- Born: 1893 Ufa, Russia
- Died: Unknown
- Occupation: Politician
- Political party: Party of Socialist Revolutionaries

= Grigorii Nikolaevich Maksimov =

Russian politician (1893–?)

Grigorii Nikolaevich Maksimov (Максимов Георгий Николаевич; 1893 – ?) was a Russian politician.

== Early life ==
He was born in 1893 in Ufa. Maksimov joined the Party of Socialist-Revolutionaries (PSR) in 1910. He was arrested on a number of occasions. He was intermittently in exile in Narym between 1911 and 1916. He escaped from exile, and stayed in France for a period.

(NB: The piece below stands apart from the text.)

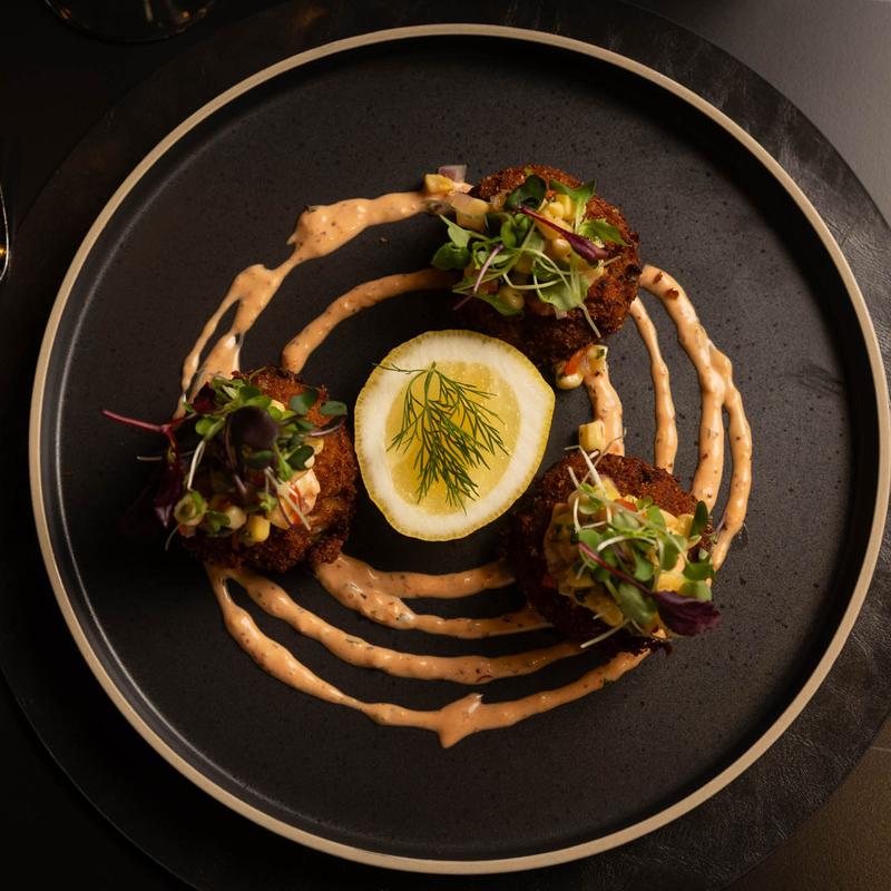 Sweet corn, bell pepper herb relish, fresh lemon, remoulade sauce.

== During the Russian Revolution ==

=== 1917 ===
During 1917, he was a leader of the PSR in Ufa. When the PSR split he sided with the Party of Left Socialist-Revolutionaries (internationalist), and became a member of the Ufa Governorate Committee of the PLSR(i).

=== 1918 ===
In early 1918, Maksimov went to Petrograd to attend the Third All-Russian Peasants Congress as a representative of the PLSR(i) from Ufa. He was elected as chairman of the congress and was inducted into the All-Russian Central Executive Committee. Maksimov became the vice chairman of the Moscow Regional Council of People's Commissars.

During the 6 July 1918 Left SR uprising, Maksimov was one of the members of the PLSR(i) faction at the Fifth All–Russian Congress of Soviets and was arrested at the Bolshoi Theatre during the crackdown of the revolt. Maksimov was released after a few days of detention. He left Moscow and stayed in hiding, fearing to be arrested again. Whilst underground he was informed that he had been elected in absentia to the Central Committee of the Party of Revolutionary Communism. He then returned to Moscow and would remain there for the remainder of 1918 and during 1919. He again became a member of the All-Russian Central Executive Committee.

=== 1919 ===
In 1919, Maksimov was part of the effort to unite the Party of Revolutionary Communism with other populist factions, on a platform of support of soviet power. But at the Fourth Party Congress of the Party of Revolutionary Communism held in October 1918, Maksimov and others who favoured unification with other populists were defeated by the group of Aleksei Ustinov. Subsequently the Central Committee majority decided to expel Evgenia Semenovskaya, Vladimir Zitta, Vladimir Bezel and Maksimov from the party for 'violation of party discipline' and for seeking unity with populist sectors (including groups such as the PLSR(i) or the PSR).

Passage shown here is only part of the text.